Informed deep hierarchical classification: a non-standard analysis inspired approach
Lorenzo Fiaschi, Marco Cococcioni
TL;DR
The paper addresses hierarchical classification by reframing HC as a lexicographic multi-objective problem and then embedding this structure within an NSA-inspired deep network (LH-DNN). By introducing projection-based non-interference via a non-standard loss and leveraging the transfer principle, LH-DNNs enable principled, lexicographic learning that prioritizes coarse-level accuracy while refining finer levels. Empirical results on CIFAR10, CIFAR100, and Fashion-MNIST show LH-DNNs achieve comparable or superior accuracy and substantially higher hierarchy coherency, with far fewer parameters and shorter training times than the B-CNN baseline. The approach promises practical benefits for real-world HC tasks, offering faster convergence, better adherence to hierarchy constraints, and efficient resource usage.
Abstract
This work proposes a novel approach to the deep hierarchical classification task, i.e., the problem of classifying data according to multiple labels organized in a rigid parent-child structure.
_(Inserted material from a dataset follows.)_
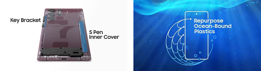 เศษอวนประมงเป็นหนึ่งในขยะที่กระจายไปทั่วอาณาเขตมหาสมุทรเป็นวงกว้างและเป็นขยะทางทะเลเชิงรุก ที่นับได้ว่าเป็นภัยต่อสิ่งมีชีวิตทางทะเลและโลกใบนี้เป็นอย่างมาก ซัมซุงได้ริเริ่มการนำวัสดุที่ได้รับการรีไซเคิลจากเศษอวนมาเป็นส่วนประกอบให้กับ สมาร์ทโฟนรุ่น Galaxy S22 ก่อนนำวัสดุรีไซเคิลที่คิดค้นมาใช้เป็นวัสดุในการออกแบบอุปกรณ์อิเลคโทรนิคส์ให้กับผลิตภัณฑ์ในซีรีส์ Galaxy ต่างๆ อาทิ แท็บเล็ต คอมพิวเตอร์ แล็ปท็อป และหูฟัง การคิดค้นดังกล่าวเป็นการผสานความร่วมมือกับองค์กรต่างๆ ที่มีพันธกิจและวิสัยทัศน์เดียวกัน ส่งผลให้ซัมซุงสามารถสร้างสรรค์วัสดุใหม่ที่ผลิตจากวัสดุรีไซเคิลอย่างมีประสิทธิภาพสูงสุด
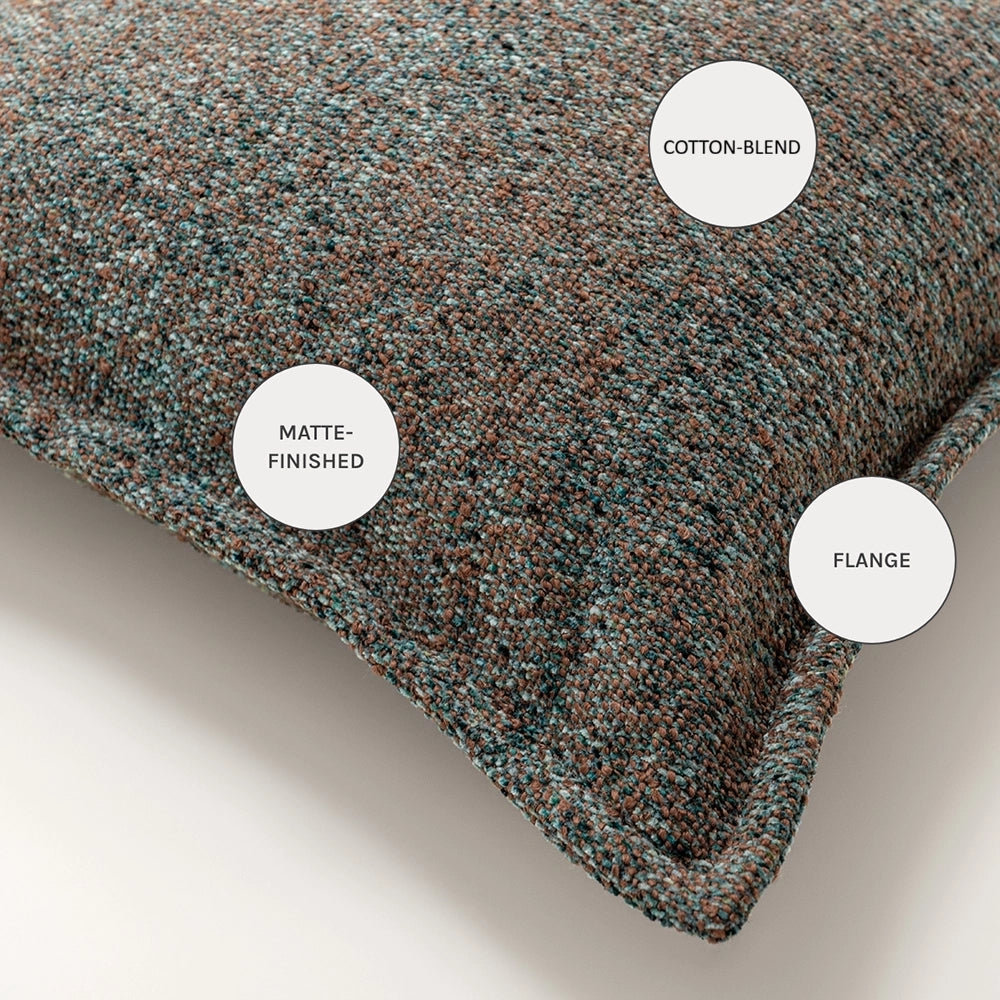 Shades of blue, rust and grey come together in a soft melange in this multicoloured cushion. With an understated flange trim, this blue cushion delivers plenty of texture for a luxury feel.

It consists in a multi-output deep neural network equipped with specific projection operators placed before each output layer. The design of such an architecture, called lexicographic hybrid deep neural network (LH-DNN), has been possible by combining tools from different and quite distant research fields: lexicographic multi-objective optimization, non-standard analysis, and deep learning. To assess the efficacy of the approach, the resulting network is compared against the B-CNN, a convolutional neural network tailored for hierarchical classification tasks, on the CIFAR10, CIFAR100 (where it has been originally and recently proposed before being adopted and tuned for multiple real-world applications) and Fashion-MNIST benchmarks. Evidence states that an LH-DNN can achieve comparable if not superior performance, especially in the learning of the hierarchical relations, in the face of a drastic reduction of the learning parameters, training epochs, and computational time, without the need for ad-hoc loss functions weighting values.